HIF-2alpha regulates glyceraldehyde-3-phosphate dehydrogenase expression in endothelial cells.

Author information

1
Department of Medicine, Section of Pulmonary and Critical Care, University of Wisconsin Medical School, 2590 Medical Sciences Center, 1300 University Avenue, Madison, WI 53706, USA. kkg@medicine.wisc.edu <kkg@medicine.wisc.edu>

Abstract

Endothelial cells (EC) express both hypoxia inducible factor-1alpha (HIF-1alpha) and -2alpha (HIF-2alpha), yet their roles in the EC hypoxic response are unclear. Hypoxia upregulates the glycolytic enzyme glyceraldehyde-3-phosphate dehydrogenase (GAPDH) in EC through a 5' hypoxic regulatory element (HRE). We compared the upregulation of GAPDH in human lung microvascular EC to that in hep3B cells, another cell type known to express both HIF-1alpha and HIF-2alpha. GAPDH mRNA increased to a lesser extent in hypoxic hep3B cells than in EC, yet upregulation occurred through the same HRE that was active in EC. HIF-1alpha protein induction in response to hypoxia was similar in both cell types. In contrast, HIF-2alpha protein levels were upregulated to a greater extent and for a longer period of time by hypoxia in EC than in hep3B cells. Correspondingly, electrophoretic mobility supershift assays showed that, in EC, there was preferential binding of HIF-2alpha to the GAPDH HRE while, in hep3B cells, there was binding of both HIF-1alpha and HIF-2alpha.

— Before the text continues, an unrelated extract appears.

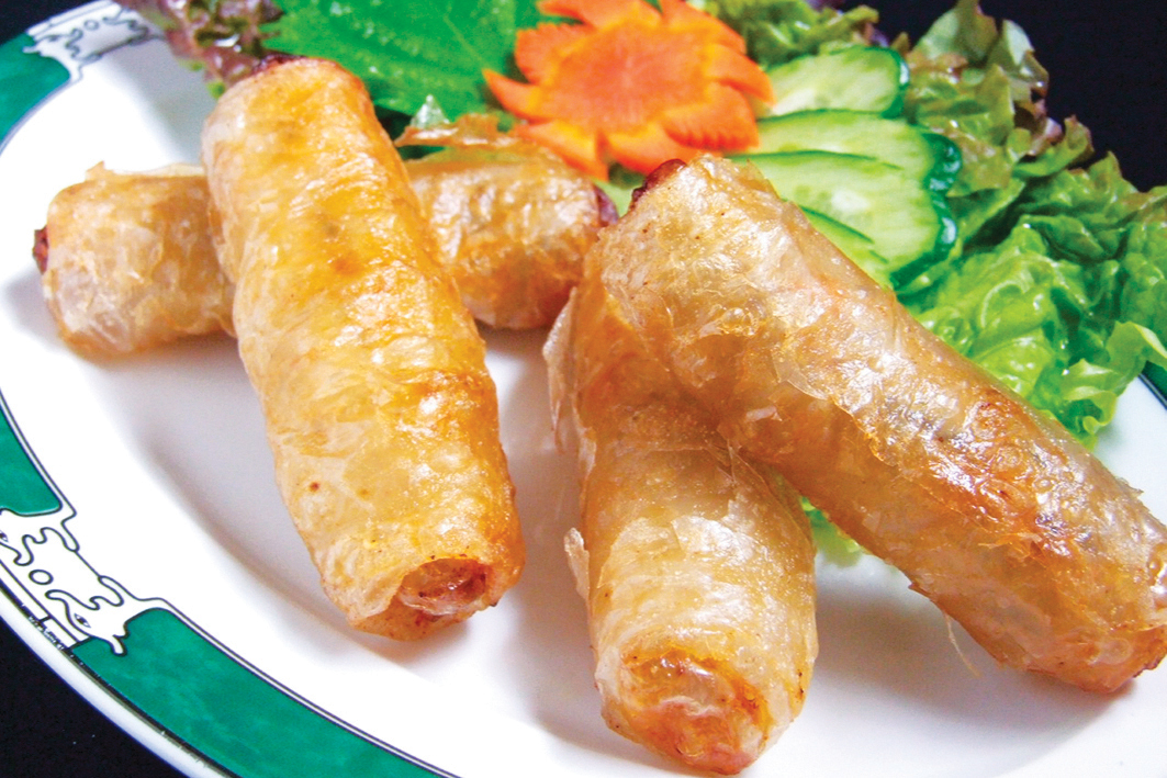 外はカリッと、中は海老や豚肉、野菜がたっぷり入った南部風揚げ春巻き。レタスとハーブで包み、甘酸っぱいヌックマムダレにつけてお召し上がりください。
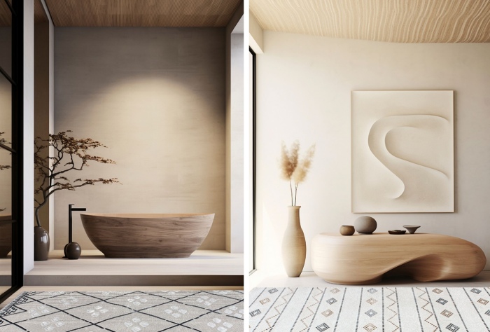 Soyut çizgilerin hakim olduğu ve daha çok soft renklerin ön plana çıktığı Cozy koleksiyonu, özel boyutlarıyla mekana göre uyum sağlarken, İskandinav minimalizmi ve sakin renk paletleriyle birleşerek huzur ve dinginlik hissi yaratıyor.

The preferential binding of HIF-2alpha to the GAPDH HRE in EC may account for their higher level of induction of GAPDH. These findings suggest that cell-specific patterns of HIF-1alpha and HIF-2alpha expression lead to cell-specific gene upregulation during hypoxia.

PMID:
12697324
DOI:
10.1016/s0167-4781(03)00049-6
[Indexed for MEDLINE]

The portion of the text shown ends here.